WHAT TO WORK ON:
Only the lines of the listing below that run from the line with "广东产品质量监督检验研究院检" through the line with "Towards Adaptive Humanoid" are to be set down, word for word. Pictures stay out.

DATA EXTRACTS:
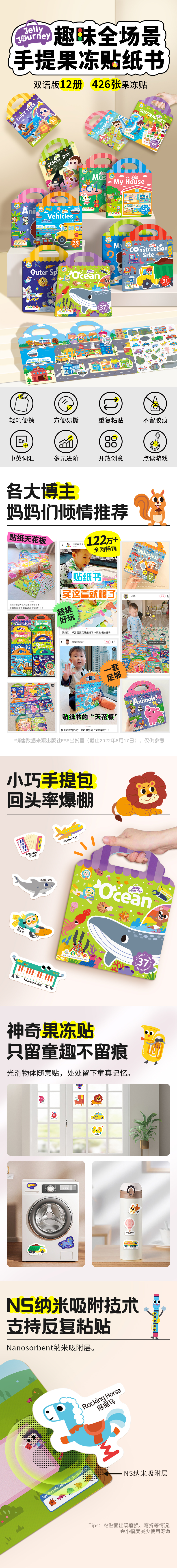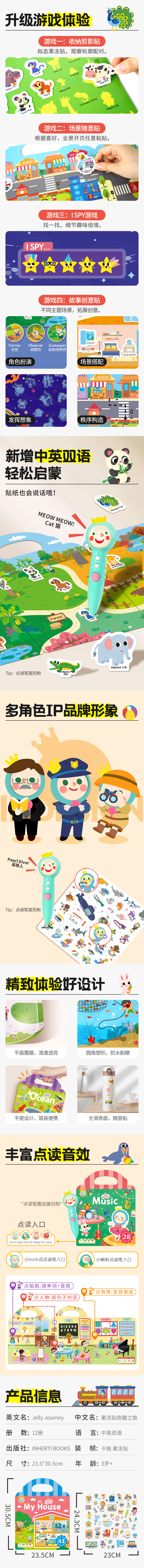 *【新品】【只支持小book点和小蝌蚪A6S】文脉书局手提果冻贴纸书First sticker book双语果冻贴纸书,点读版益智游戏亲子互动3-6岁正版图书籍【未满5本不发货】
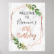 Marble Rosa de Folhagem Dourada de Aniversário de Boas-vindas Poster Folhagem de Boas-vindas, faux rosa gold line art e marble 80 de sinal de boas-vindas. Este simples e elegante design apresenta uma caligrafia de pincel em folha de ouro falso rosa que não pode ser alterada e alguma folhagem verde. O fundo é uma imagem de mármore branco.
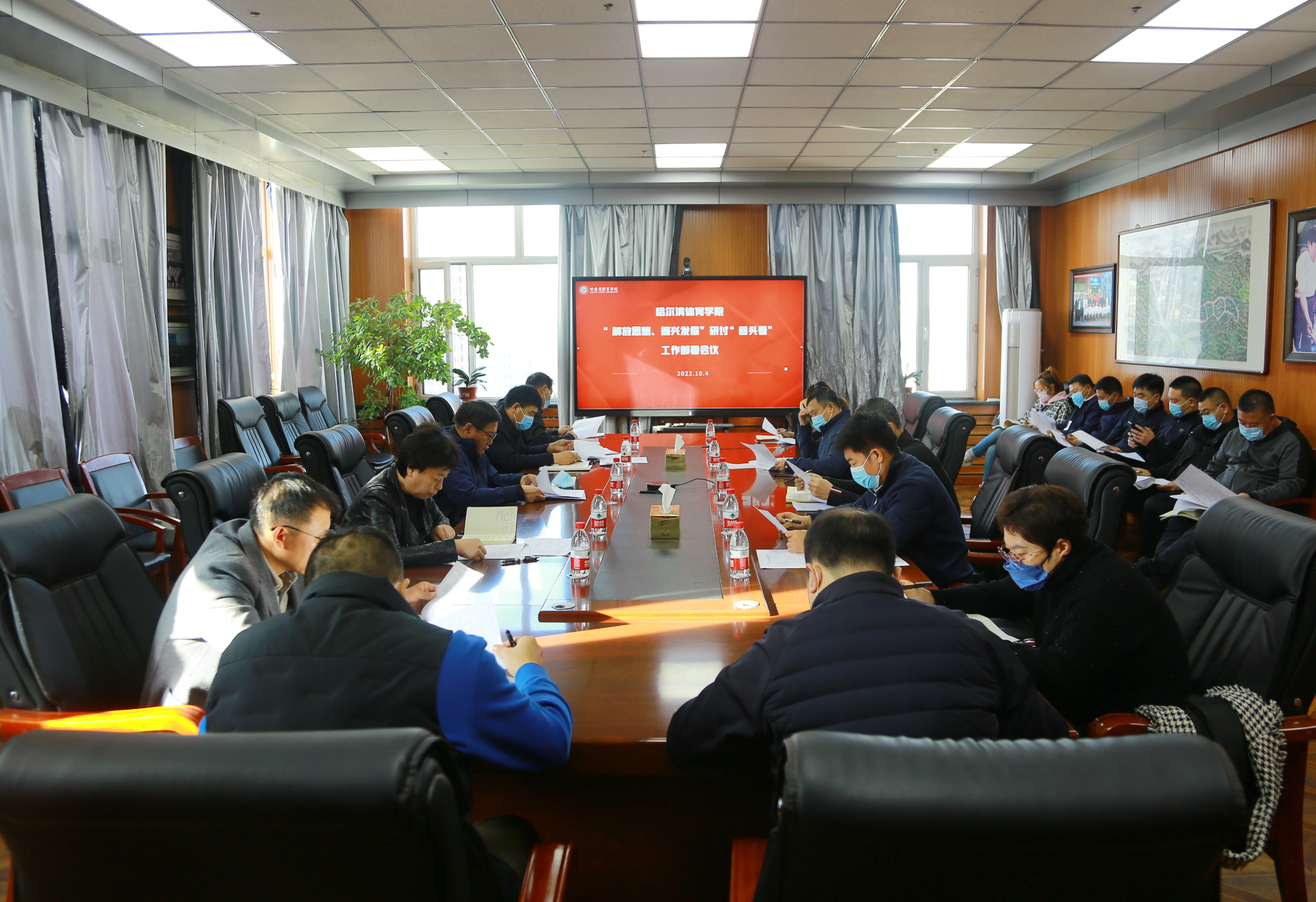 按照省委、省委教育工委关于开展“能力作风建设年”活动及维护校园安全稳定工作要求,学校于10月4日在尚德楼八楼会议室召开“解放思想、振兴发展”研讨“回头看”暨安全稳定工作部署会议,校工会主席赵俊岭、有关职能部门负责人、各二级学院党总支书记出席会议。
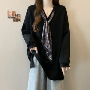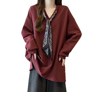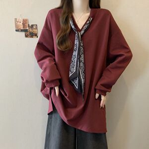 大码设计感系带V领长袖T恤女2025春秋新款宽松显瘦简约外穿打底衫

* * *

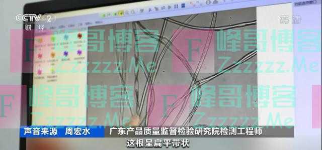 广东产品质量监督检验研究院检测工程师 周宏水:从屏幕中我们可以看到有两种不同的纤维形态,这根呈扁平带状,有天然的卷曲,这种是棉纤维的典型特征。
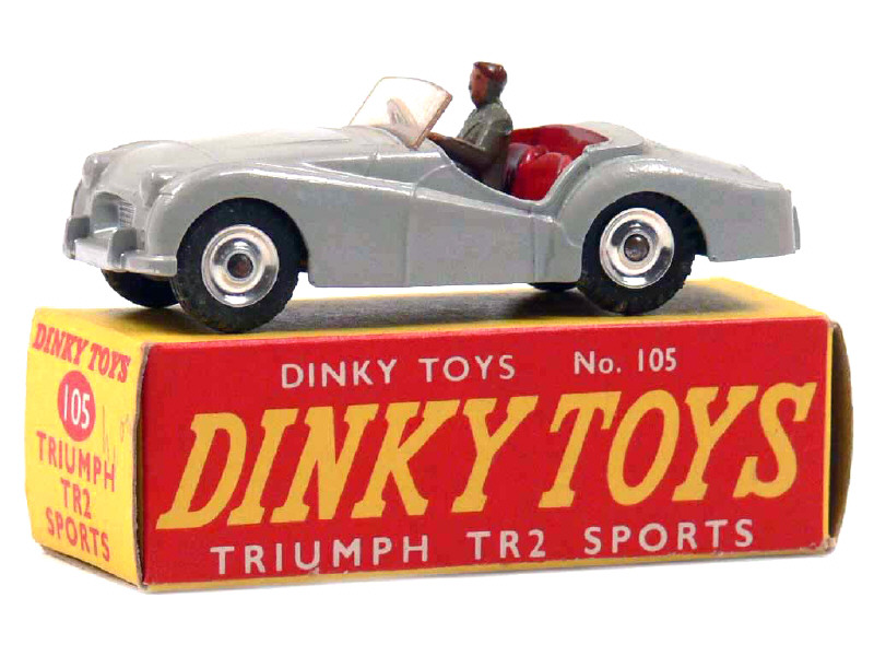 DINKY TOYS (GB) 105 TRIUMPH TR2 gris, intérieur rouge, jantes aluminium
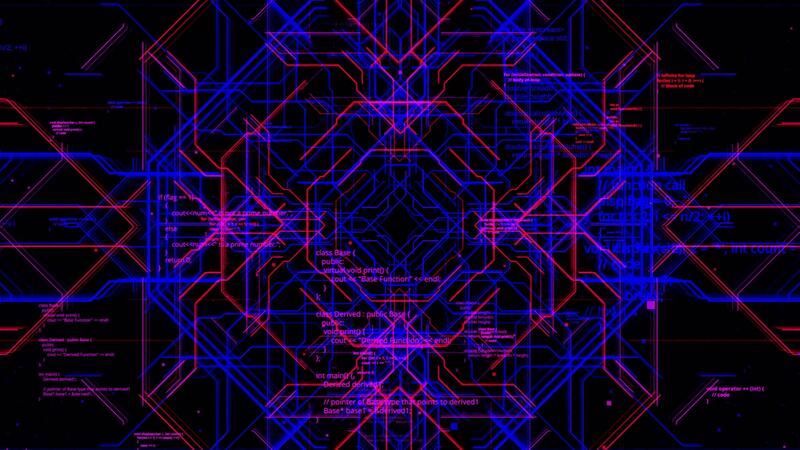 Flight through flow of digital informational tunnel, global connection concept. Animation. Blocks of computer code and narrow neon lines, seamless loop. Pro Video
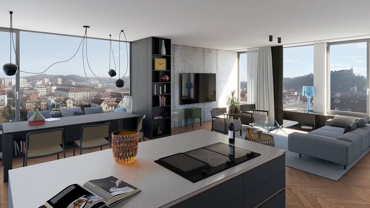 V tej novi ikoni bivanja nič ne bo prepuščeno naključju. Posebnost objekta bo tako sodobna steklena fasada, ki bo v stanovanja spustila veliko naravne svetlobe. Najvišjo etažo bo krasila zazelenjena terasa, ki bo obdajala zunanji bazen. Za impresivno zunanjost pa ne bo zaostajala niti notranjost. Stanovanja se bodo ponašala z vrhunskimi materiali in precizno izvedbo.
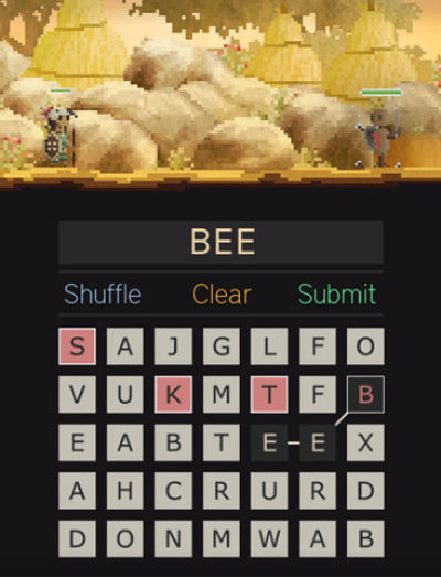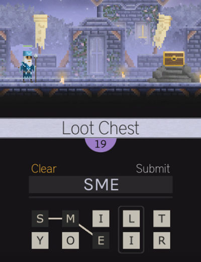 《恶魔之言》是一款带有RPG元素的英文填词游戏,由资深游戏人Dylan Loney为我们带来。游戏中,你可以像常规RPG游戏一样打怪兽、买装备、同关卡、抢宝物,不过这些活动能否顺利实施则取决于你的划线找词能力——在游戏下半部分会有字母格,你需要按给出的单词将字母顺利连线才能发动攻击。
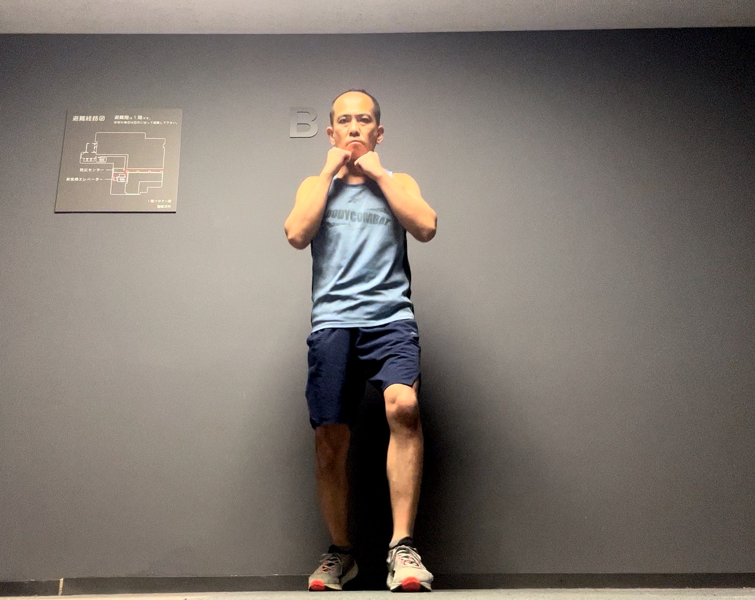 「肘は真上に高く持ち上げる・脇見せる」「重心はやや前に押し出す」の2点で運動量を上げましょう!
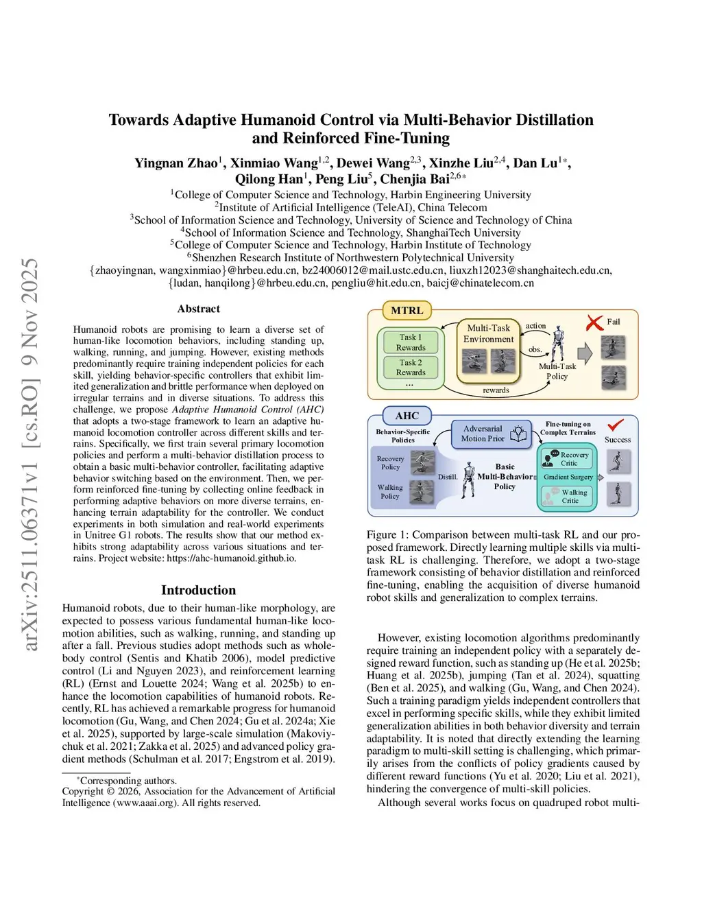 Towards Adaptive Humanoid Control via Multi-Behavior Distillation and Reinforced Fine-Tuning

RESULT FOR THIS TASK:
 广东产品质量监督检验研究院检测工程师 周宏水:从屏幕中我们可以看到有两种不同的纤维形态,这根呈扁平带状,有天然的卷曲,这种是棉纤维的典型特征。
 DINKY TOYS (GB) 105 TRIUMPH TR2 gris, intérieur rouge, jantes aluminium
 Flight through flow of digital informational tunnel, global connection concept. Animation. Blocks of computer code and narrow neon lines, seamless loop. Pro Video
 V tej novi ikoni bivanja nič ne bo prepuščeno naključju. Posebnost objekta bo tako sodobna steklena fasada, ki bo v stanovanja spustila veliko naravne svetlobe. Najvišjo etažo bo krasila zazelenjena terasa, ki bo obdajala zunanji bazen. Za impresivno zunanjost pa ne bo zaostajala niti notranjost. Stanovanja se bodo ponašala z vrhunskimi materiali in precizno izvedbo.
 《恶魔之言》是一款带有RPG元素的英文填词游戏,由资深游戏人Dylan Loney为我们带来。游戏中,你可以像常规RPG游戏一样打怪兽、买装备、同关卡、抢宝物,不过这些活动能否顺利实施则取决于你的划线找词能力——在游戏下半部分会有字母格,你需要按给出的单词将字母顺利连线才能发动攻击。
 「肘は真上に高く持ち上げる・脇見せる」「重心はやや前に押し出す」の2点で運動量を上げましょう!
 Towards Adaptive Humanoid Control via Multi-Behavior Distillation and Reinforced Fine-Tuning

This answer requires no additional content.